Mentors talks about ESL testbench and present a success story of TLM to RTL synthesis verification. They claim the high level synthesis flow save them lots of time and use the same testbench with different abstraction from top to bottom.
There is nothing new in Cadence’s presentation. They just show how vPlan fit in ESL flow.
Vennsa Technologyies
It is a small company in Toronto based on the research of a prof. from U of Toronto. Their OnPoint debug tool is pretty neat. It is an add-on to the simulation help the designer pin point the bug. Once you have an assertion failure, you can fire the OnPoint GUI. The tool will back trace the logic cone, narrow down and suggest where the bug is about. You can also start the back trace from a given value on the output pin at a given time. I played their demo for almost half an hour and it is a very handy tool if it works as advertised. The idea behind the tools sounds and I think we should evaluation the tool.
Agnisys Inc
This company has two product: IVerifySpec, a web GUI replacement for vManager and iDesignSpec, a half bake solution similar to RDA.
IVerifySpec use SQL database to store the vPlan, but it does not support UCD directly. It has to translate the UCD to an XML offline and import to the database. There is a few nice feature in the GUI, like heat map, traceability matrix, some charts and graphs looks like Google Analysis. However their tool is very immature overall, it does not support multi-level hierarchy in requirement specification, no revision control and data entry via the web interface is very tedious and user unfriendly. I should simply ask Cadence copy those nice report feature into vManager.
iDesignSpec sounds good on paper but the implementation is awkward. You enter the register specification in Word using some funny plug-in. Then the plug-in will generate PDF, HTML, XML, VHDL, OVE, C++ files. Somehow it is the exact opposite of our RDA flow. We enter our register description in XML and generate one thing at a time using scripts. The format of their word plug-in is very ugly. The code and PDF file generated by the plug-in is very primitive. I would say even our old ECBI generator is better than this tool. The only thing useful I learn from this presentation is there are industry standard for register description, SystemRDL and IP-XACT. Maybe our RDA tool should support industry standard as well.
Veritools
Their flag ship product is Veritools Designer. It’s basically a Debussy Verdi clone.
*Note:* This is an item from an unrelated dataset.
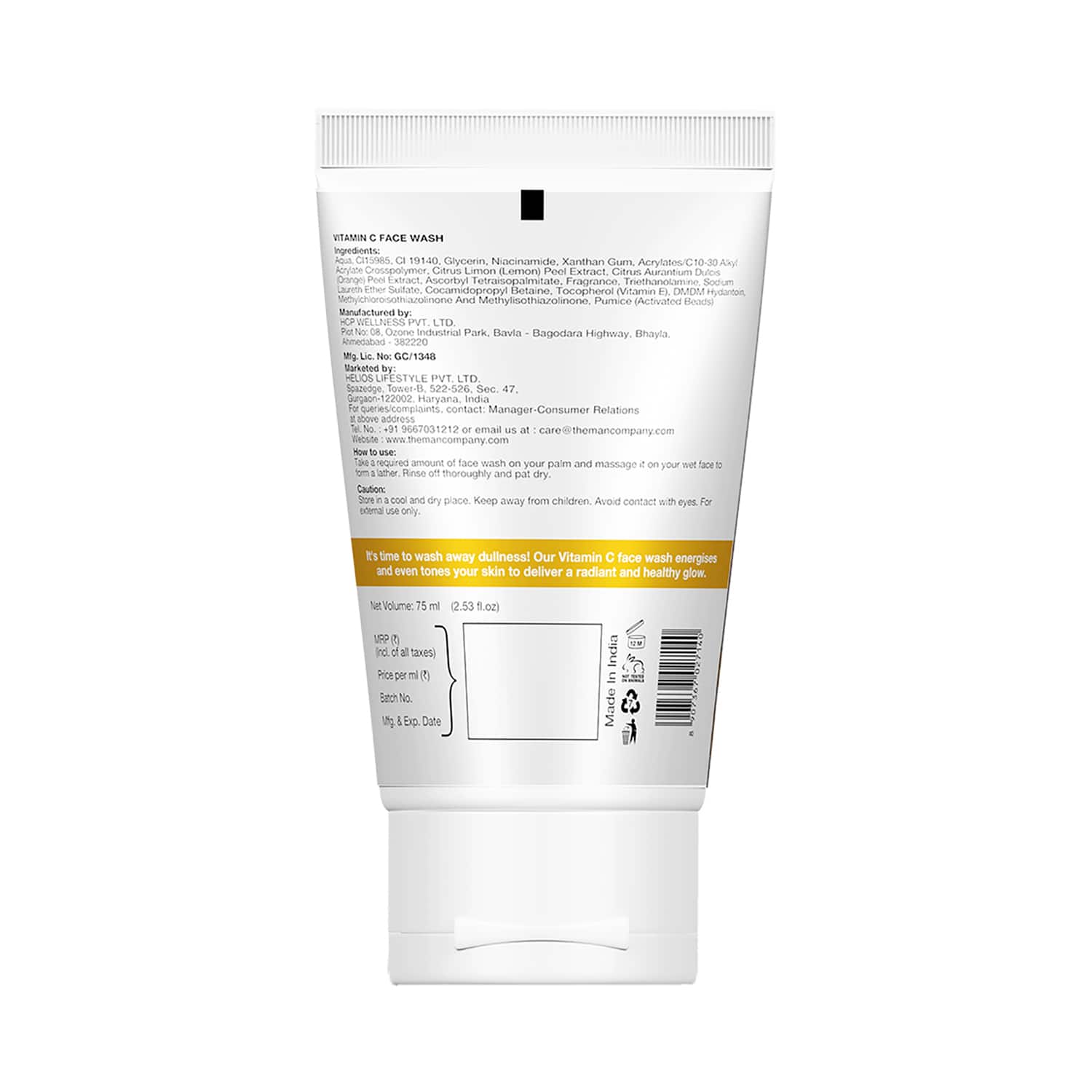 Achieve radiant, flawless skin with the The Man Company Anti Ageing & Skin Brightening Vitamin C Face Wash (75ml). This refreshing face wash deeply cleanses your pores without stripping away essential moisture content. Also, The Man Company face wash contains vitamin C and niacinamide to minimize hyperpigmentation and even out the skin tone.Key Features & Benefits:Infused with vitamin C to boost collagen production and promote glowing skinEnriched with niacinamide to regulate oil production and provide anti-inflammatory propertiesReduces hyperpigmentation and evens out the skin tonesGently cleanses to remove dirt and impuritiesFree from toxins for safe useKey Ingredients:Vitamin C: Promotes collagen production and adds a natural glowNiacinamide and turmeric: Regulate oil production and provide anti-inflammatory propertiesAll Ingredients:Demineralized Water, Glycerin, Lemon Peel Extract, Orange Peel Extract, Vitamin B3, Xanthan Gum, Acrylates/C10-30 Alkyl Acrylate Crosspolymer, Ascorbyl Tetraisopalmitate, Fragrance, Triethanolamine, Sodium Lauryl Ether Sulphate, Cocamidopropyl Betaine, Vitamin E, Dmdm-Hydantoin, Methylchloroisothiazolinone And Methylisothiazolinone, Activated Beads, Ci 15985, Ci 19140How to Use:Take a small amount of face wash and apply it to the damp face. Lather and eventually rinse with water. Use regularly for good results.About the Brand:The Man Company is a luxury brand that curates grooming products for men of all ages. The brand strives to support men in their ongoing transformation into better versions of themselves by providing high-end grooming essentials to suit every individual's needs. Their goal has always been to create the purest, best-quality skin, hair, and body care products. Their product offers modern gentlemen the chance to look and feel their best while tackling the world. Moreover, all their products are free of dangerous chemicals and contain premium essential oils and hand-selected natural components.Check out more The Man Company Face Wash options here, or browse through tokocart's full range of Face Wash from top global brands.You can also explore other products from the world of The Man Company here on tokocart.

It can view schematic and waveform, source code debugging. They claim their tool is very fast and only cost 1/4. I am always skeptic about those claims and I don’t like they use a their own waveform database format. It means simulator has to dump another waveform through their PLI. The GUI is fast but the design in the demo is not very big. The GUI is quite primitive compare to Simvision and they can’t beat the price of Simvision which comes free with IES. I do agree Simvision is a bit slow but I think investing in faster computer with bigger RAM can solve this problem. They have an add-on tool called Veritool Verifyer. This tool is kinda dumb. If there is an assertion failure, it read in the waveform and let you to test changes to the assertion code without invoking the simulation. I don’t think it is very useful. When an assertion fail, how often it is due to RTL bug and how often it’s just a faulty assertion?